Debt securities issued by government-sponsored enterprises decreased $41.0 million to $61.2 million at December 31, 2008 from $102.2 million at December 31, 2007. Securities issued by government-sponsored enterprises consist entirely of bonds issued by the Federal National Mortgage Association, the Federal Home Loan Mortgage Corporation and the Federal Home Loan Bank. Westfield Financial also invests in municipal bonds issued by cities and towns in Massachusetts and are rated as investment grade by Moody's, Standard & Poor's, or Fitch, and the majority of which are also independently insured. Municipal bonds were $36.4 million at December 31, 2008 and $33.0 million at December 31, 2007. In addition, Westfield Financial has investments in Federal Home Loan Bank stock and mutual funds that invest only in securities allowed by the Office of Thrift Supervision.

Net loans increased by $57.2 million to $472.1 million at December 31, 2008 from $414.9 million at December 31, 2007. This was primarily the result of an increase in commercial and industrial loans and commercial real estate loans. Commercial and industrial loans increased $37.4 million to $153.9 million at December 31, 2008 from $116.5 million at December 31, 2007. Commercial real estate loans increased $33.9 million to $223.9 million at December 31, 2008 from $190.0 million at December 31, 2007. The increases in commercial and industrial and commercial real estate loans were due to increased loan originations in the Bank's market area.

Residential real estate loans decreased $9.7 million to $98.4 million at December 31, 2008 from $108.1 million at December 31, 2007. Since September 2001, Westfield Bank has referred substantially all of the originations of its residential real estate loans to a third party mortgage company. Residential real estate borrowers submit applications to Westfield Bank, but the loan is approved by and closed on the books of the mortgage company. The third party mortgage company owns the servicing rights and services the loans. Westfield Bank retains no residual ownership interest in these loans.

Asset growth was funded primarily through a $68.3 million increase in long-term debt, which totaled $173.3 million at December 31, 2008. Long-term debt consists of FHLB advances and securities sold under repurchase agreements with an original maturity of one year or more. At December 31, 2008, Westfield Bank had $115.0 million in long-term debt with the FHLB and $58.3 million in securities sold under repurchase agreements with a broker-dealer approved by the Company's management and Board of Directors. This compares to $105.0 million in FHLB advances and no securities sold under repurchase agreements at December 31, 2007. Securities sold under repurchase agreements were executed with a weighted average interest rate of 2.62% and final maturities of $9.8 million in the year 2013 and $48.5 million in the year 2018. The securities sold under repurchase agreements are callable at the issuer's option beginning in the years 2009 to 2012. Current interest rates permit Westfield Bank to earn a spread by borrowing funds and reinvesting in loans and securities.

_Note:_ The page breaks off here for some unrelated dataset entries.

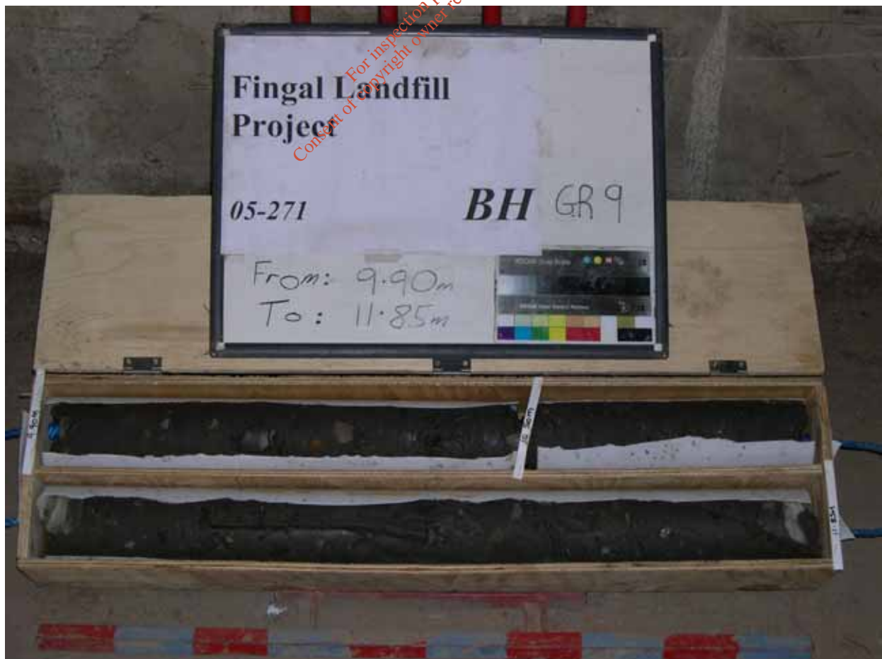
BH GR9: 9.90-11.85m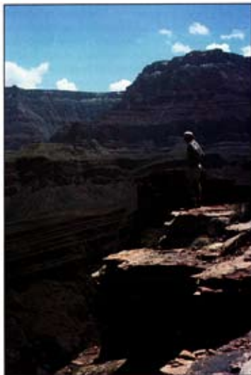
Figure 1.3 Grand Canyon commands our attention and prompts us to ask, "What mean these stones?"

Fourthly, II Peter, chapter 3 tells us that in the last days people will deny the message of Creation, Noah's Flood, and of the coming judgment by fire. Why should people listen when Christians teach about coming judgment, when they deny there was a past judgment? Each time a scientist or a guide teaches that Grand Canyon is the result of millions of years of slow and continuous processes, that person is questioning the past judgment by God.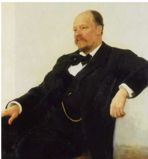
Portrait of the composer Anatoly Konstantinovich Lyadov (1902) by Ilya Repin (1844–1930).

Everything in Liadov’s output is small – not in the forces deployed, but in time-scale. There are many piano pieces, songs, some choral music and a dozen orchestral pieces, but the lengthiest work would be about 20 minutes long. This is not because he was tidy-minded, or agonised over every note, as Ravel did. He had grand musical ambitions, but lacked the energy or will to carry them out.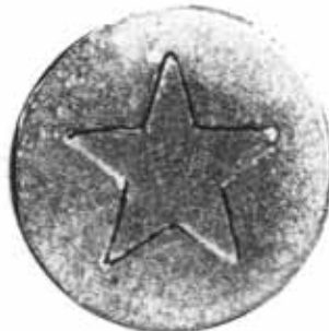
PD-KI Star Embossed / v:f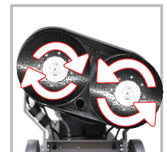
Two Counter-Rotating Tools / Pad Drivers Run a 30" Scrub Path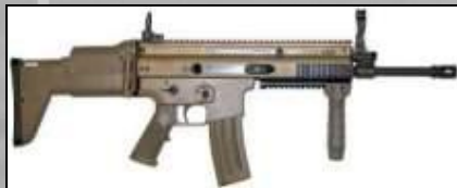
SOF Combat Assault Rifle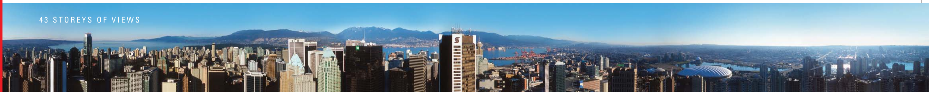
43 STOREYS OF VIEWS

Dimensions, sizes, specifications, layouts and materials are approximate only and subject to change without notice. E.&O.E.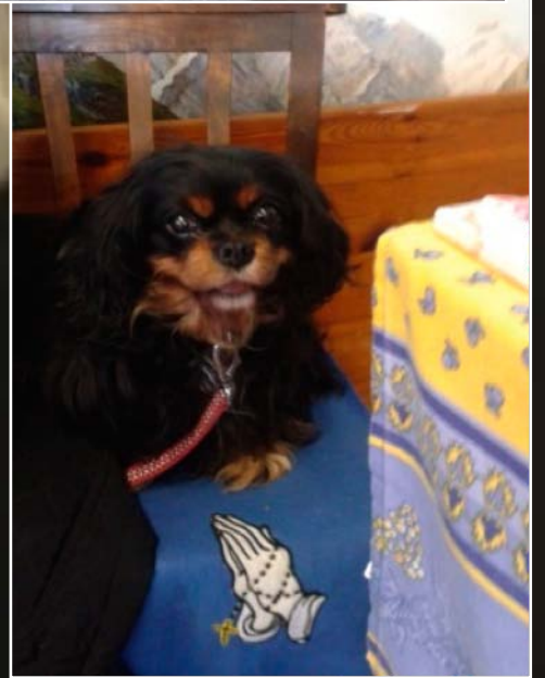
Waiting patiently at the May Fair 2017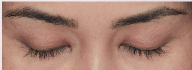
AFTER At week 16, with LATISSE® and without mascara

Real patient. Results may vary. Paid user. PRESCRIPTION ONLY. Unretouched, real lashes. No mascara. No extensions. No lash inserts.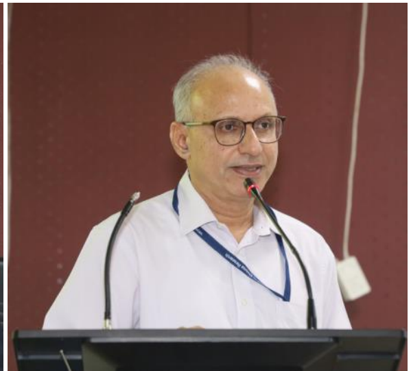
Director, IPR lighting the lamp and addressing the gathering during inauguration of the event

Short-term borrowings increased $14.6 million to $49.8 million at December 31, 2008 from $35.2 million at December 31, 2007. Short-term borrowings are made up of FHLB advances with an original maturity of less than one year as well as customer repurchase agreements, which have an original maturity of one day. Short-term borrowings issued by the FHLB were $28.5 million and $18.4 million at December 31, 2008 and 2007, respectively. Customer repurchase agreements increased $4.5 million to $21.3 million at December 31, 2008 from $16.8 million at December 31, 2007. A customer repurchase agreement is an agreement by Westfield Bank to sell to and repurchase from the customer an interest in specific securities issued by or guaranteed by the United States government. This transaction settles immediately on a same day basis in immediately available funds. Interest paid is commensurate with other products of equal interest and credit risk. At December 31, 2008, all of Westfield Bank's customer repurchase agreements were held by commercial customers.

Total deposits decreased $14.7 million to $588.0 million at December 31, 2008 from $602.7 million at December 31, 2007. The decrease in deposits was due to a decrease in time deposit and money market accounts, partially offset by an increase in regular savings and checking accounts. Time deposits decreased $25.6 million to $327.6 million at December 31, 2008. Management placed less emphasis on gathering time deposits in favor of using other types of funding, such as securities sold under repurchase agreements. Management believes that doing so helped control funding costs.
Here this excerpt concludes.